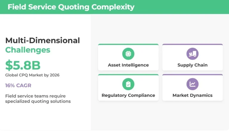 Field service teams don’t sell simple products off a shelf. They deliver intricate, multi-component service packages across vast territories, often under challenging environmental conditions. MGI Research projects that the global market for cloud-based CPQ tools among publicly traded companies will reach nearly $5.8 billion by 2026, growing at a remarkable 16% CAGR, largely driven by the complexity challenges that traditional quoting systems cannot handle.
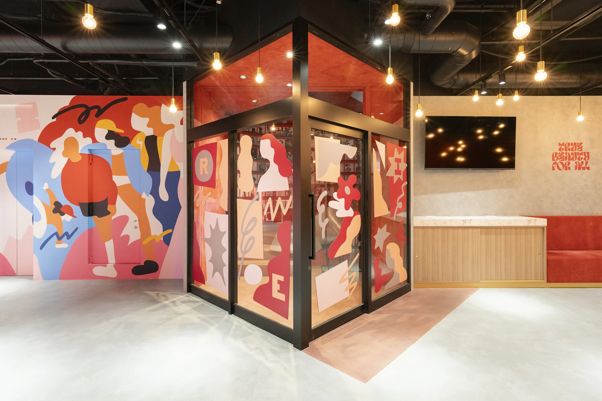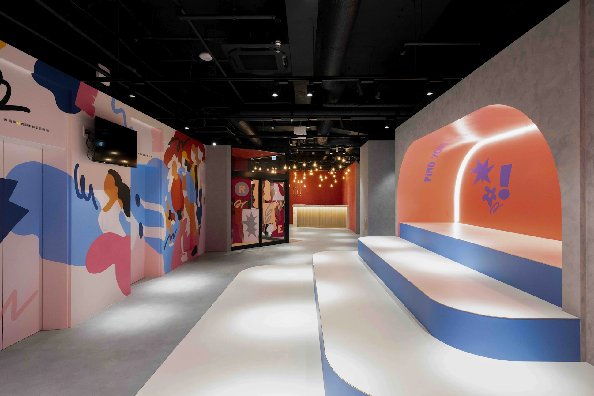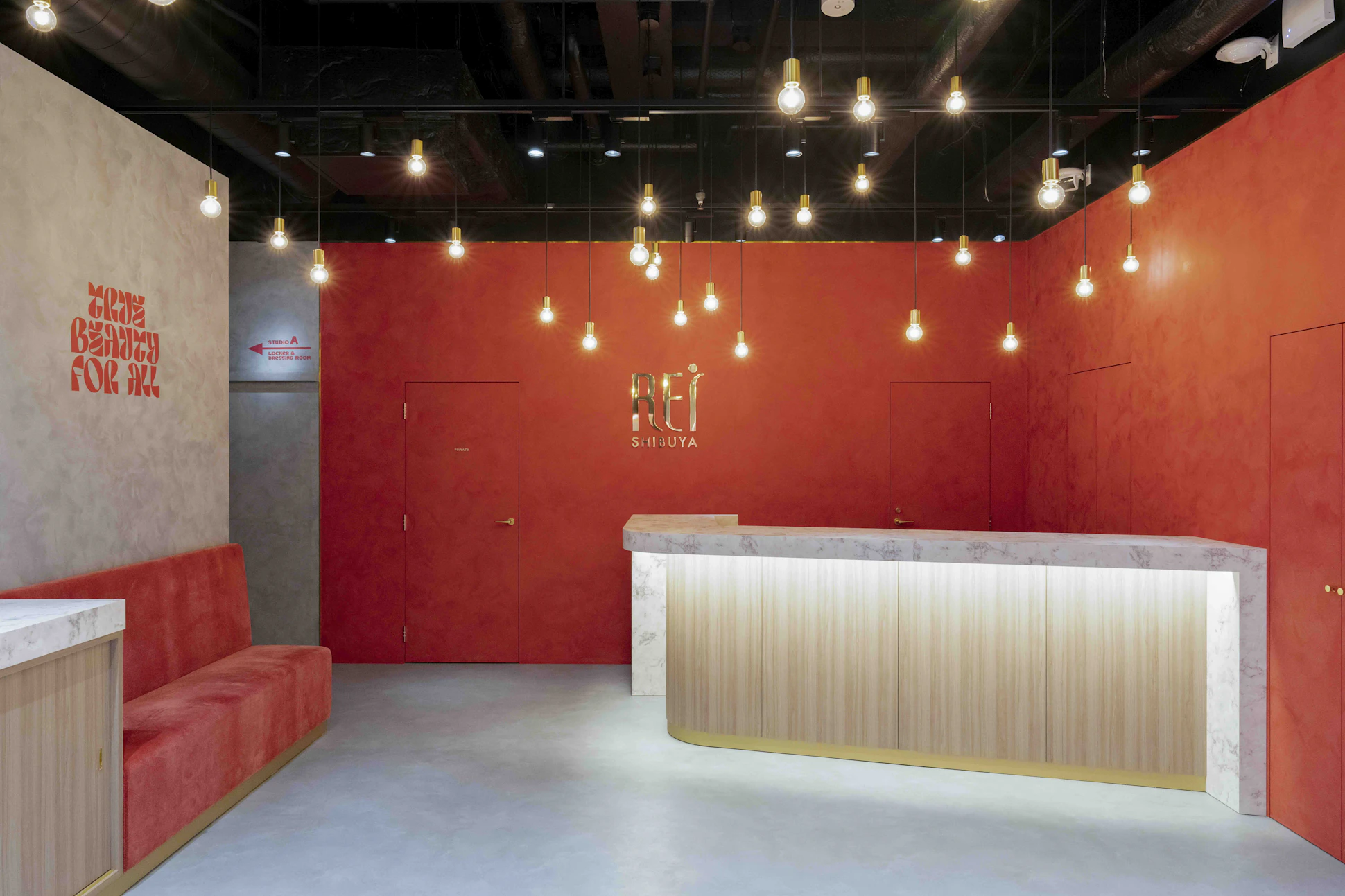 エネルギーに満ちた渋谷の中心地に位置する旗艦校の移転プロジェクト。4つのスタジオは、それぞれテーマカラーや面積に応じて異なる雰囲気を持たせつつ、全体としてREIブランドの統一感が感じられる構成に。
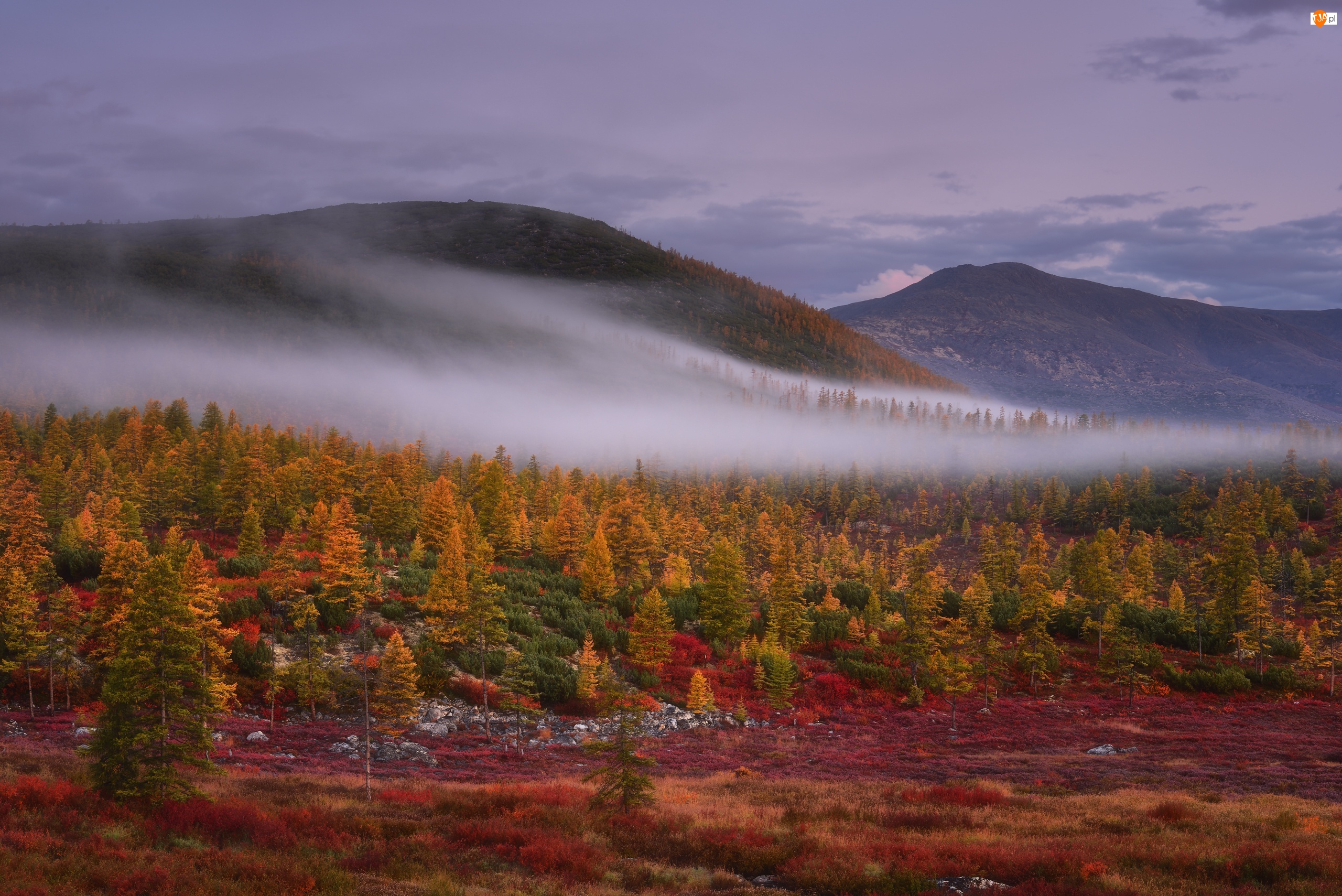 Kołyma, Góry, Mgła, Obwód magadański, Drzewa, Jesień, Rosja, Wzgórza
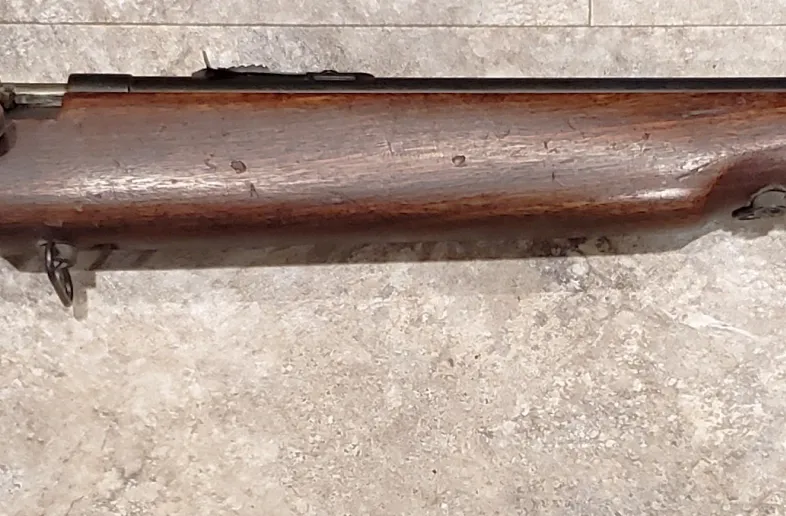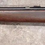 This is a Canadian military-marked Cooey model 82 training rifle in .22LR caliber. The 'C with Broad Arrow' is stamped onto the receiver as well as the stock. The rifle overall is in decent condition, but not perfect. Wear is apparent at the toe of the butt (from getting out of position to reload during target shooting) and there is a chip in the wood from the bolt clearance groove behind the receiver. This is difficult to notice when the bolt is in place. It would appear that the rear sling loop has been removed and reinstalled in front of the trigger guard to allow for a target style sling loop. The bore appears to be very good. The price reflects overall condition, so price is firm. Shipping in Canada $60. No trades please. PAL verification a must.
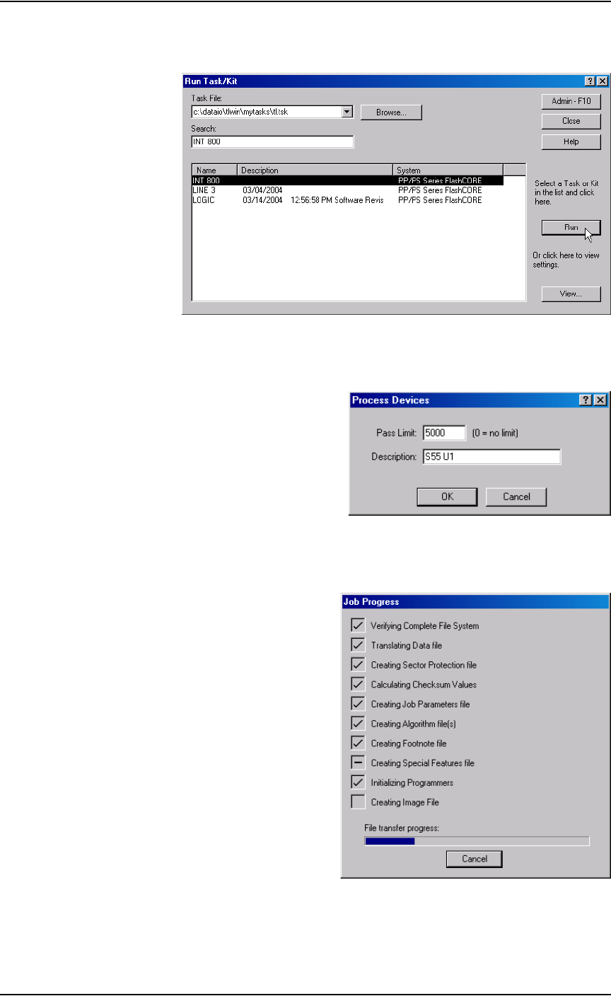 2. From the TaskLink Run Task/Kit window, select the Task from the list
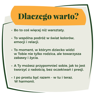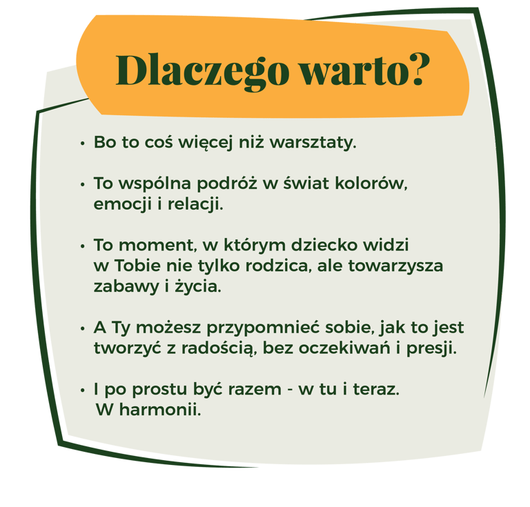 Bo te warsztaty, to nie tylko zwykłe malowanie. To lekcje malowania życia. To pozwolenie sobie na kreatywność według własnej fantazji. To otwartość na naukę, że każdy sposób jest dobry, tylko ma inne efekty. Decyzja zawsze należy do Ciebie i do Twojego dziecka. Tak jak w życiu. A podczas takich zajęć można to sobie po prostu… poćwiczyć.
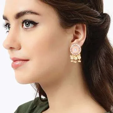 Aheli Indian Traditional Bollywood Pink Handcrafted Meenakari Enamel Choker Necklace with Earrings Set Gift for Women
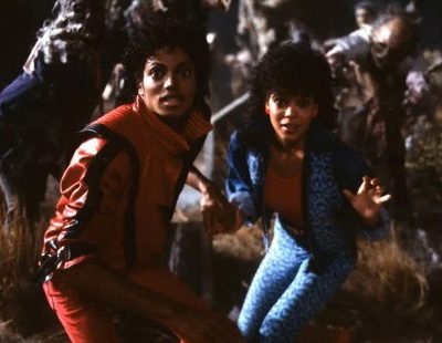 El rey del pop y Ola Ray rodeados de zombies
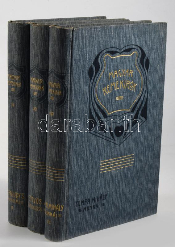 Magyar Remekírók sorozat 3 kötete: Tompa Mihály munkái. Sajtó alá rend. és bevezetéssel ellátta: Lévay József. IV. köt. Népregék. Virágregék.; Báró Eötvös József munkáiból. Sajtó alá rend. és bevezetéssel ellátta: Voinovich Géza. I. köt. Szépirodalmi művek.; Kisfaludy Sándor munkái. Sajtó alá rend. és bevezetéssel ellátta: Heinrich Gusztáv. II. köt. Regék. Bp., 1905, Franklin-Társulat. Kiadói aranyozott, szecessziós egészvászon sorozatkötés, Gottermayer-kötés, nagyrészt jó állapotban.
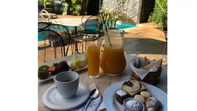 Además, los clientes pueden disfrutar de un jardín que cuenta con un espacio de servicio de desayuno buffet. Y en temporada veraniega los huéspedes pueden hacer uso de la piscina. También tienen Wifi y estacionamiento privado.
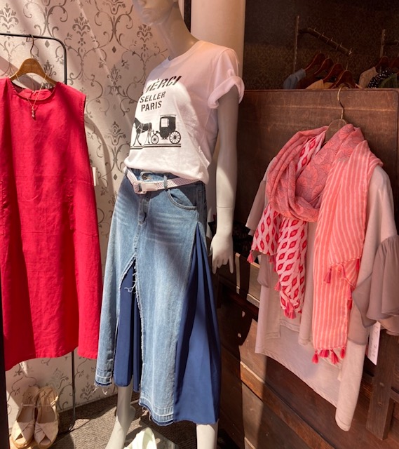 夏の涼しいデザインデニムスカートとロゴTシャツのコーデはいかがでしょうか?💕
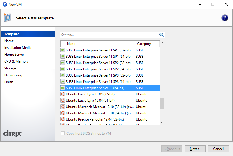 - Create a VM for your Server. For OpenSUSE (13+) it’s OK to use the SLES12 template. “Other install media” is also an acceptable template.
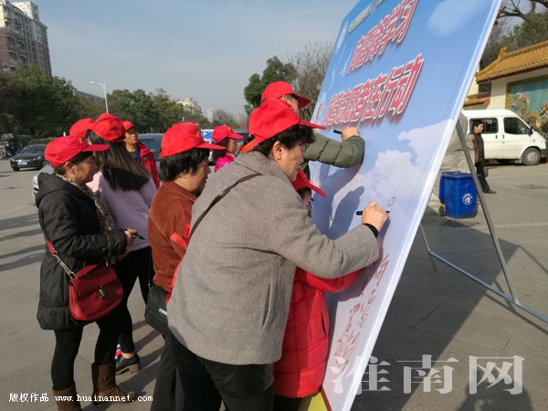 3月4日上午,在龙湖景区南门,一群身穿红色马甲的志愿者吸引了众多过往行人的目光。为进一步弘扬和践行雷锋精神,来自田家庵区城管志愿者协会的100余名志愿者齐聚景区南门,承诺签名,学习雷锋精神。

§ **YOUR TASK**
Copy the records exactly, leaving out every picture.

§ **ANSWER**
 Field service teams don’t sell simple products off a shelf. They deliver intricate, multi-component service packages across vast territories, often under challenging environmental conditions. MGI Research projects that the global market for cloud-based CPQ tools among publicly traded companies will reach nearly $5.8 billion by 2026, growing at a remarkable 16% CAGR, largely driven by the complexity challenges that traditional quoting systems cannot handle.
 エネルギーに満ちた渋谷の中心地に位置する旗艦校の移転プロジェクト。4つのスタジオは、それぞれテーマカラーや面積に応じて異なる雰囲気を持たせつつ、全体としてREIブランドの統一感が感じられる構成に。
 Kołyma, Góry, Mgła, Obwód magadański, Drzewa, Jesień, Rosja, Wzgórza
 This is a Canadian military-marked Cooey model 82 training rifle in .22LR caliber. The 'C with Broad Arrow' is stamped onto the receiver as well as the stock. The rifle overall is in decent condition, but not perfect. Wear is apparent at the toe of the butt (from getting out of position to reload during target shooting) and there is a chip in the wood from the bolt clearance groove behind the receiver. This is difficult to notice when the bolt is in place. It would appear that the rear sling loop has been removed and reinstalled in front of the trigger guard to allow for a target style sling loop. The bore appears to be very good. The price reflects overall condition, so price is firm. Shipping in Canada $60. No trades please. PAL verification a must.
 2. From the TaskLink Run Task/Kit window, select the Task from the list
 Bo te warsztaty, to nie tylko zwykłe malowanie. To lekcje malowania życia. To pozwolenie sobie na kreatywność według własnej fantazji. To otwartość na naukę, że każdy sposób jest dobry, tylko ma inne efekty. Decyzja zawsze należy do Ciebie i do Twojego dziecka. Tak jak w życiu. A podczas takich zajęć można to sobie po prostu… poćwiczyć.
 Aheli Indian Traditional Bollywood Pink Handcrafted Meenakari Enamel Choker Necklace with Earrings Set Gift for Women
 El rey del pop y Ola Ray rodeados de zombies
 Magyar Remekírók sorozat 3 kötete: Tompa Mihály munkái. Sajtó alá rend. és bevezetéssel ellátta: Lévay József. IV. köt. Népregék. Virágregék.; Báró Eötvös József munkáiból. Sajtó alá rend. és bevezetéssel ellátta: Voinovich Géza. I. köt. Szépirodalmi művek.; Kisfaludy Sándor munkái. Sajtó alá rend. és bevezetéssel ellátta: Heinrich Gusztáv. II. köt. Regék. Bp., 1905, Franklin-Társulat. Kiadói aranyozott, szecessziós egészvászon sorozatkötés, Gottermayer-kötés, nagyrészt jó állapotban.
 Además, los clientes pueden disfrutar de un jardín que cuenta con un espacio de servicio de desayuno buffet. Y en temporada veraniega los huéspedes pueden hacer uso de la piscina. También tienen Wifi y estacionamiento privado.
 夏の涼しいデザインデニムスカートとロゴTシャツのコーデはいかがでしょうか?💕
 - Create a VM for your Server. For OpenSUSE (13+) it’s OK to use the SLES12 template. “Other install media” is also an acceptable template.
 3月4日上午,在龙湖景区南门,一群身穿红色马甲的志愿者吸引了众多过往行人的目光。为进一步弘扬和践行雷锋精神,来自田家庵区城管志愿者协会的100余名志愿者齐聚景区南门,承诺签名,学习雷锋精神。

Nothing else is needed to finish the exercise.